WHAT THE TASK REQUIRES — Starting at the line that holds "Apartamento de 30", reproduce each line exactly up to and including the last line of the records below. Pictures stay out.

PROVIDED RECORDS —
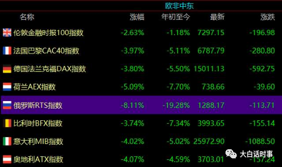 其中俄罗斯跌最惨,大跌8%,今年累计下跌幅度已经达到19%。
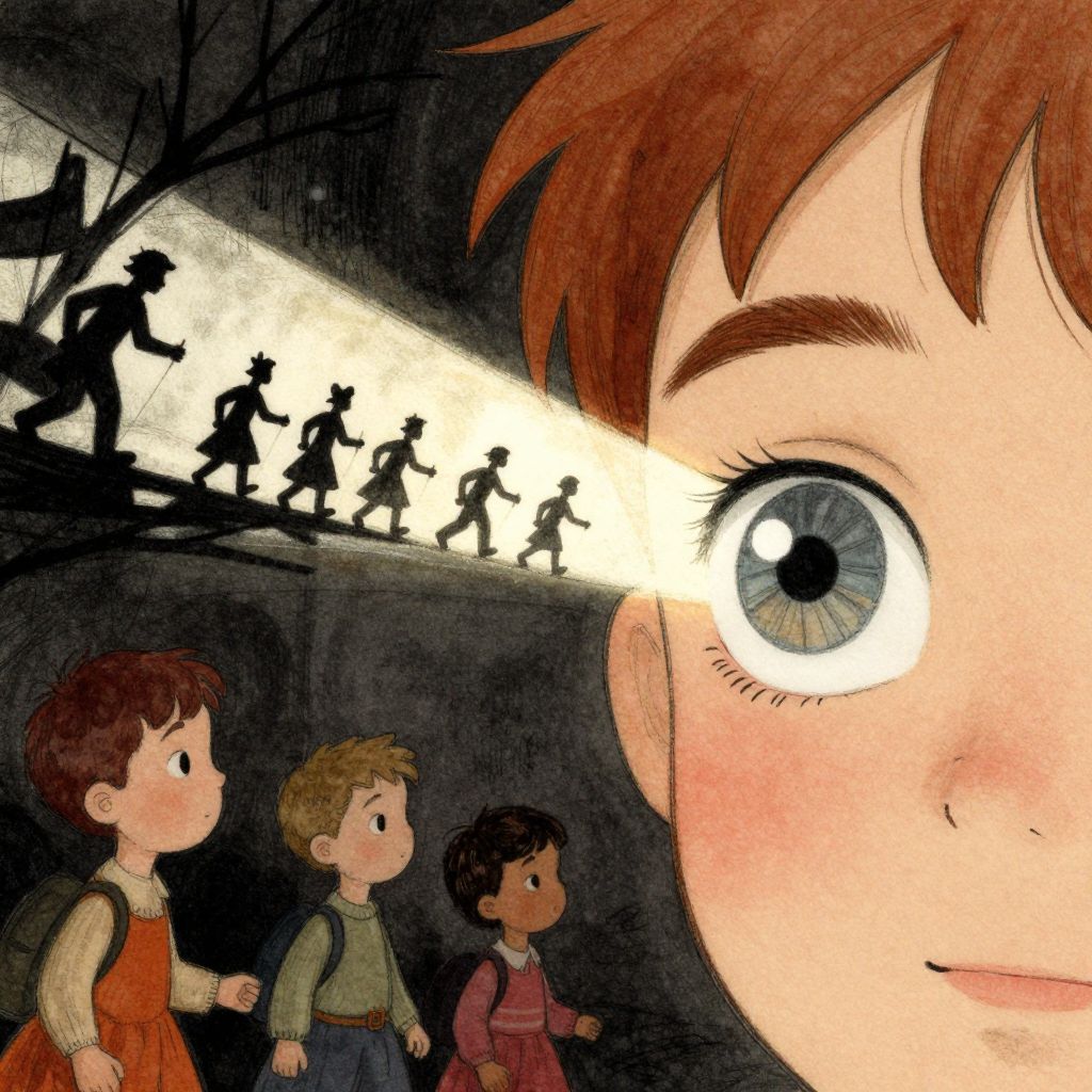 Create a beautifully detailed drawing capturing a fantastical world infused with nostalgia and shadowy intrigue, The style features clean, confident outlines with soft watercolor washes, balancing warmth and accessibility with intricate detail, The palette contrasts muted tones—warm ochres, soft reds, creamy whites—with stark, inky blacks, creating a dramatic interplay of light and shadow that evokes both innocence and mystery, The atmosphere blends vintage children’s book charm with an eerie undertone, as if balanced between reality and a shadowy dreamscape, Characters should have naturalistic proportions and subtle expressiveness, their features gently exaggerated to reflect curiosity, resilience, or vulnerability, Dynamic shadow puppet figures may emerge in the background, their silhouettes adding to the narrative and reinforcing the duality of light and shadow, The focus will be on a specific subject—In a field of tall, swaying grasses, Henry notices shadow flowers growing beside the real ones, their dark shapes faintly outlined in silver, When the wind blows, the shadows ripple unnaturally, whispering secrets that only the night can hear—carefully integrated into the scene, The composition is grounded yet surreal, seamlessly merging whimsical simplicity with haunting, thought-provoking detail to invite wonder and introspection
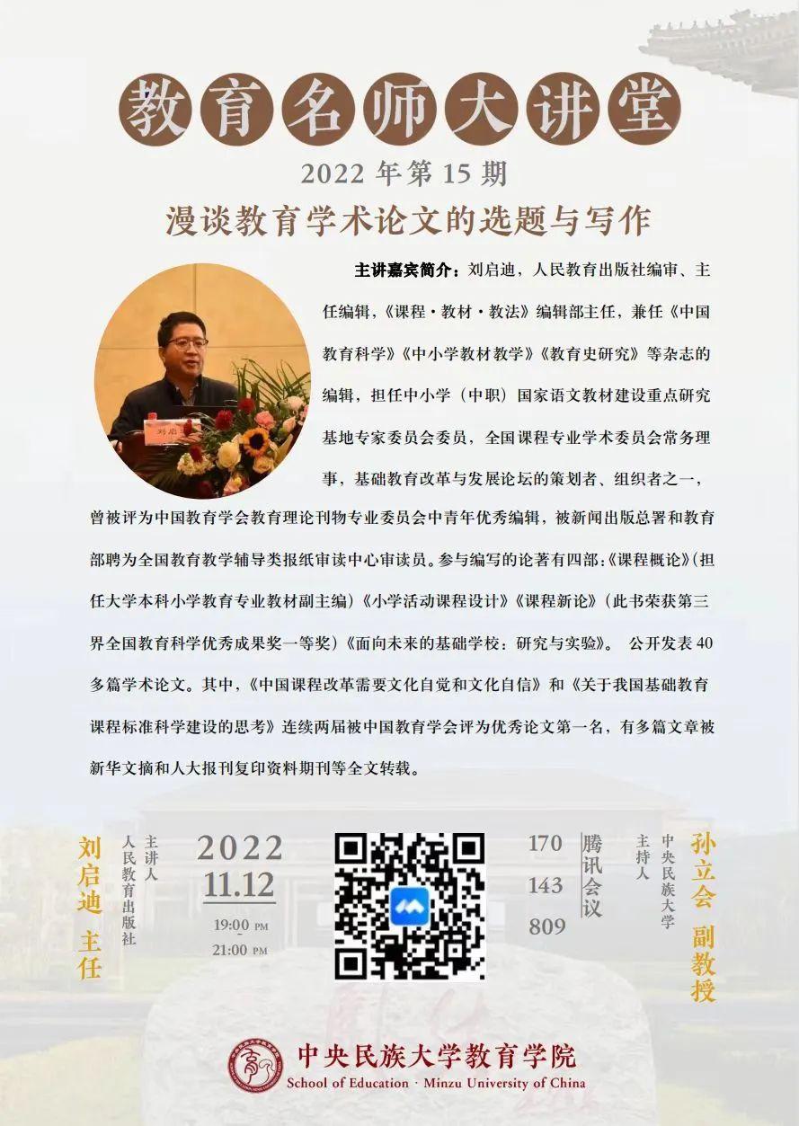教育名师大讲堂 | 2022年第15期《漫谈教育学术论文的选题与写作》
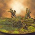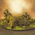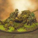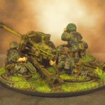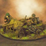 The Pak 38 is a fairly straightforward model, fitting onto my usual 60mm round team base. As with the other three guns (and the rest of my Fallschirmjager army for that matter), I went for a beaten up and well used look. This was accomplished via the “sponge method” of weathering which I hope to detail in a later blog post. The crew being used on this model are actually from my panzerbusche 41 team.
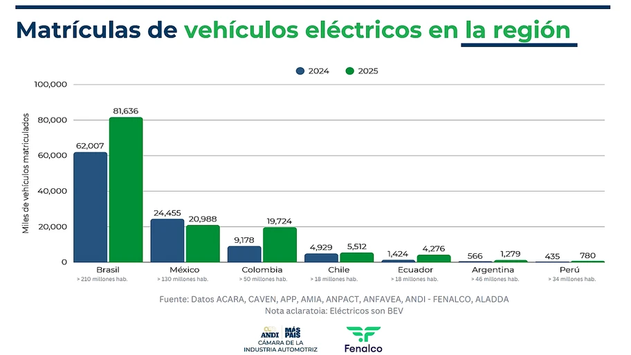 Con esta buena dinámica, Colombia se consolidó como el tercer mercado de vehículos eléctricos en Latinoamérica, solo por detrás de Brasil y México. Mientras que Brasil pasó de 62.007 unidades en 2024 a 81.636 en 2025, y México cerró el año con 20.988 registros, Colombia prácticamente duplicó su volumen, superando con amplitud a países como Chile, Ecuador, Argentina y Perú.
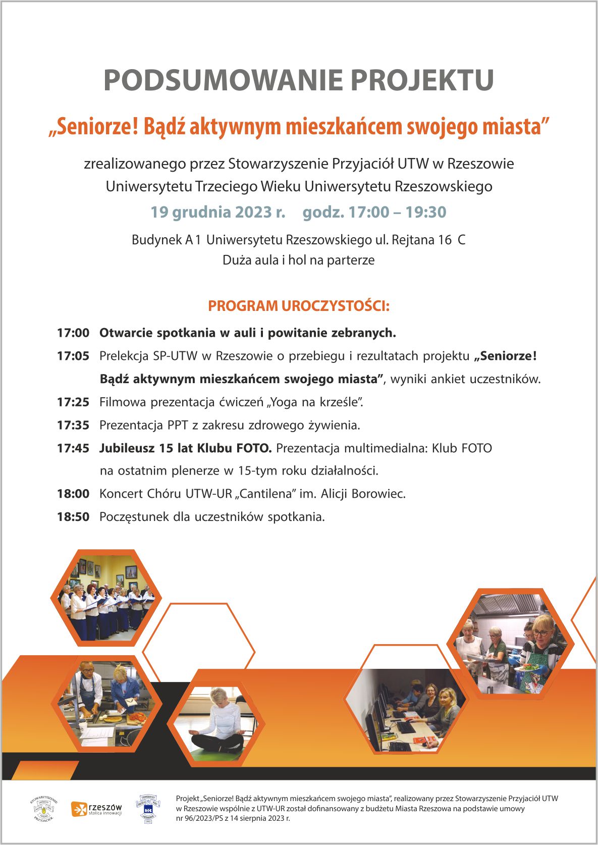 Projekt „Seniorze! Bądź aktywnym mieszkańcem swojego miasta”, realizowany przez Stowarzyszenie Przyjaciół UTW w Rzeszowie wspólnie z Uniwersytetem Trzeciego Wieku Uniwersytetu Rzeszowskiego, został dofinansowany z budżetu Miasta Rzeszowa na podstawie umowy nr 96/2023/PS z 14 sierpnia 2023 r.
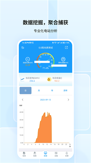 护光者app是一款手机上的光伏电站终端管理软件,使用它可以快速创建电站及设置电站信息,扫描二维码快速增加采集器,为用户提供光伏电站监控、光伏设备查看、报警、蓝牙工具、扫一扫、wifi配置、工单处理、光伏电站故障处理等功能,非常的全面和专业。而且每当遇到设备遇到问题时,直接利用该软件直接连接采集器,然后发送命令让工程师来检查问题原因,第一时间解决你的烦恼。另外,护光者app还可以更简单、更快捷对监控对象进行实时监控,数据可视化,图表简明易懂,随时随地都可通过网络多维度展示实时数据和历史数据。
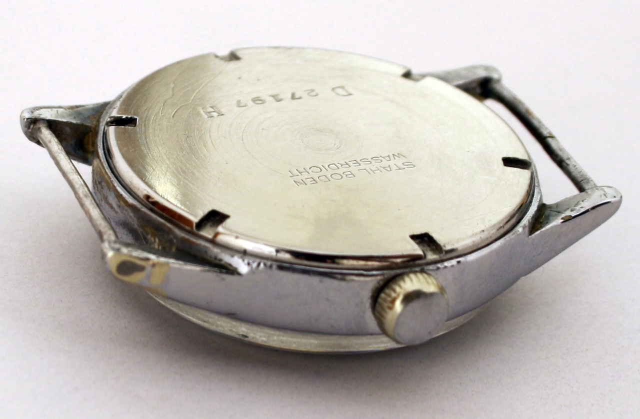 Наручные часы HELIOS DH - находка для любого коллекционера. Рабочее состояние! Подлинные! Задняя крышка выполнена из нержавеющей стали, завинчивающаяся, с клеймом STAHL BODEN Wasserdicht (нержавеющая сталь, водонепроницаемые) и уникальным номером D27197H.
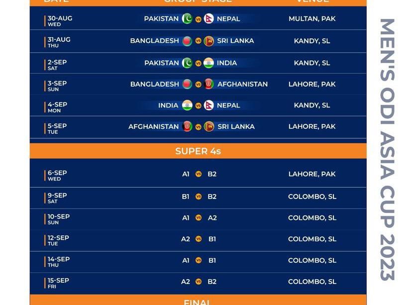 एशिया कप 2023 का आयोजन 30 अगस्त से 17 सितंबर के बीच किया जाएगा। यह प्रतियोगिता 50 ओवरों के प्रारूप में होगी और इसमें कुल 6 टीमें भाग लेंगी। यहाँ पर सभी मैचों का शेड्यूल दिया गया है:
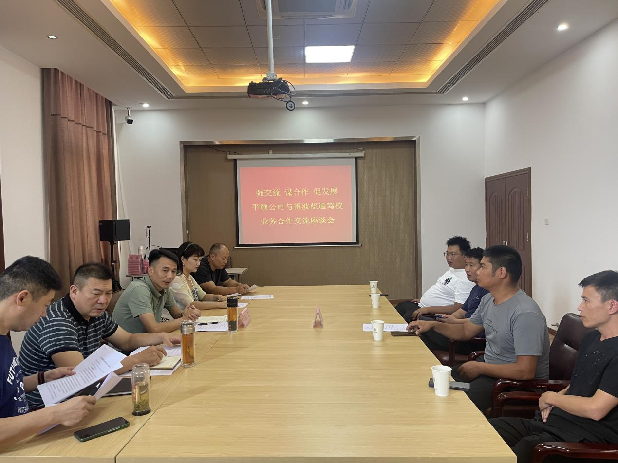 7月31日,雷波縣藍通機動車駕駛培訓(xùn)有限責(zé)任公司總經(jīng)理陳能勇一行4人赴平順公司開展實地調(diào)研,并與平順公司進行業(yè)務(wù)合作座談?疾旖M對公司科二、科三考場進行實地考察,對考試車輛進行實車體驗,對服務(wù)品質(zhì)進行現(xiàn)場了解,對業(yè)務(wù)合作事宜進行深入交流溝通,并達成合作共識。
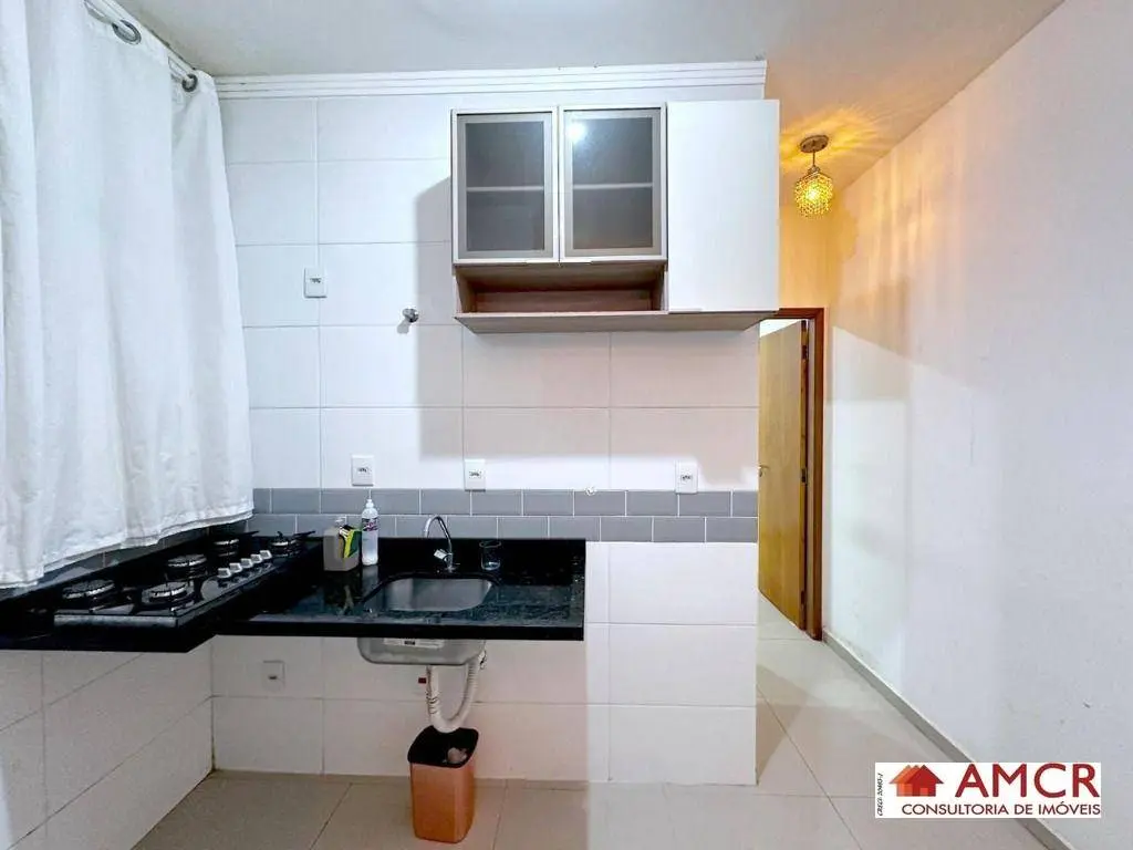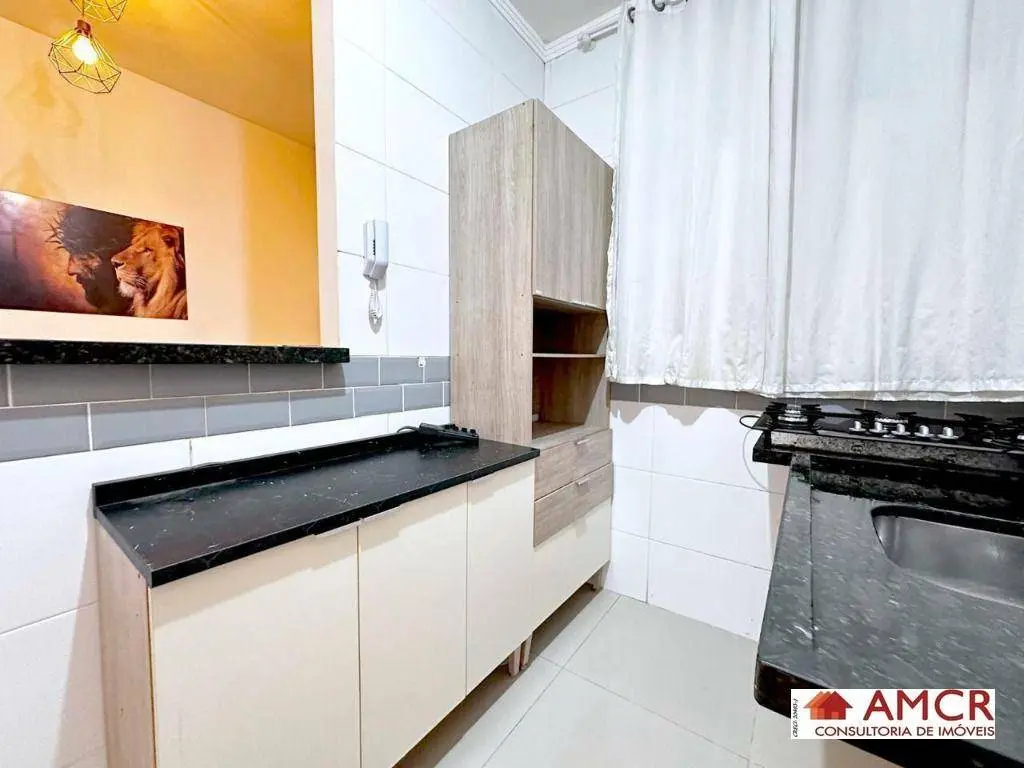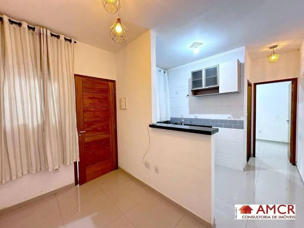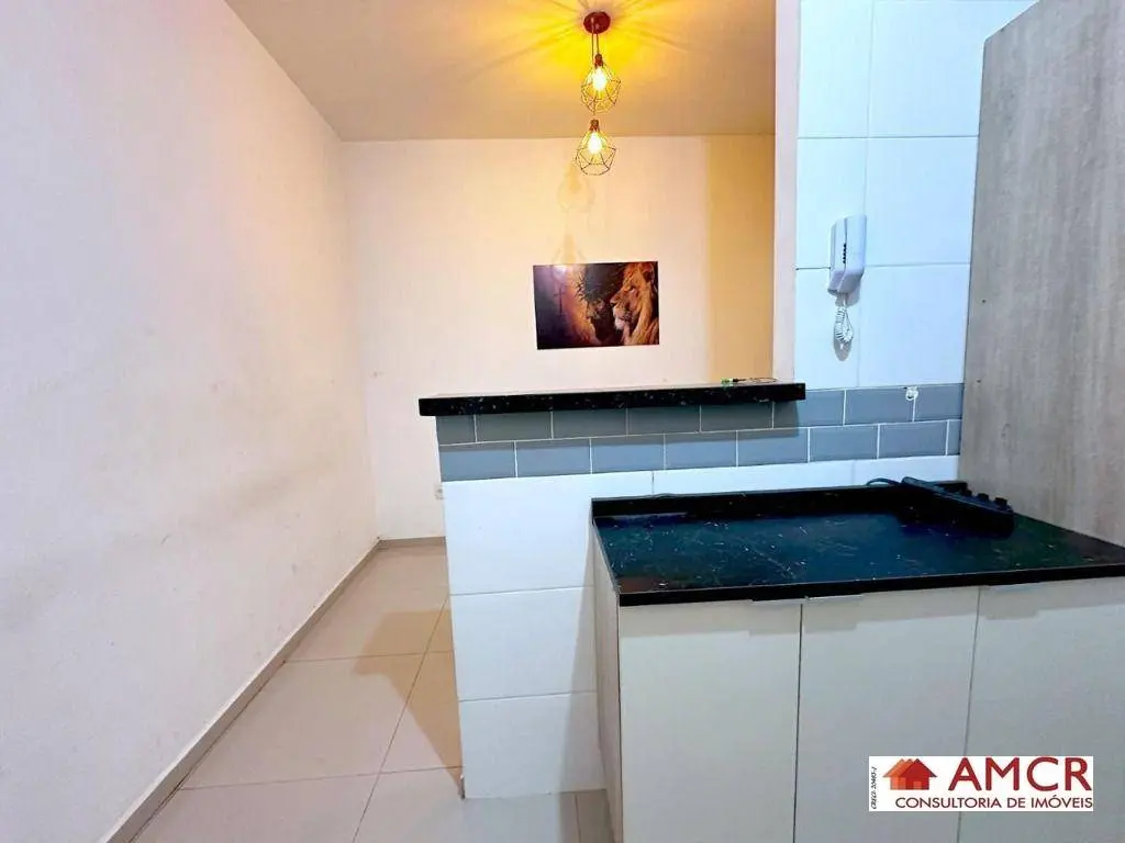 Apartamento de 30 m², com 2 dormitório, sala, cozinha com armário, gabinete, balcão e fogão, área de serviço.
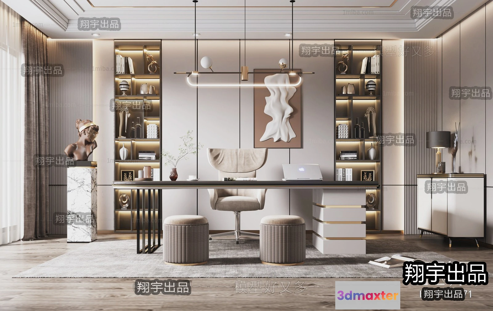 3D Models / 3D Scenes / Interior / Office Home / Study Space – Modern Style Interior 3D Scenes – 003 3D Max
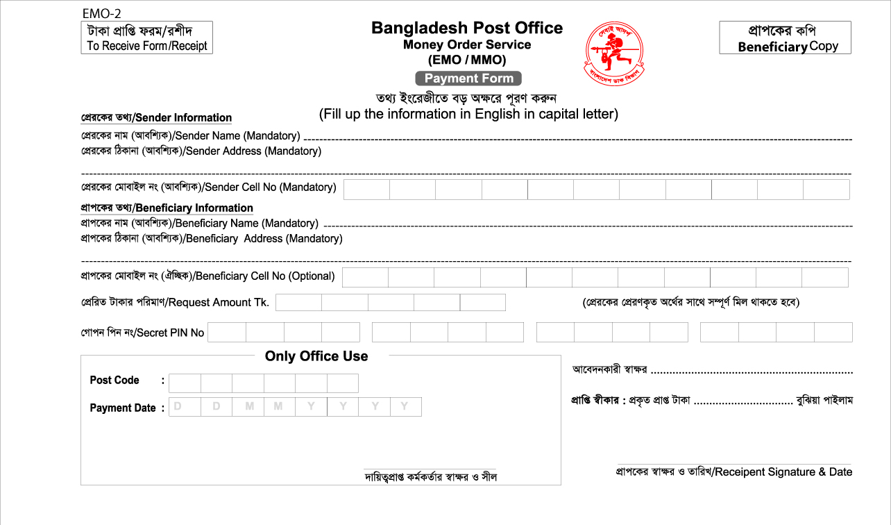মোবাইল মানি অর্ডার - পেমেন্ট ফর্ম - EMO-2

ANSWER BELOW —
 Apartamento de 30 m², com 2 dormitório, sala, cozinha com armário, gabinete, balcão e fogão, área de serviço.
 3D Models / 3D Scenes / Interior / Office Home / Study Space – Modern Style Interior 3D Scenes – 003 3D Max
মোবাইল মানি অর্ডার - পেমেন্ট ফর্ম - EMO-2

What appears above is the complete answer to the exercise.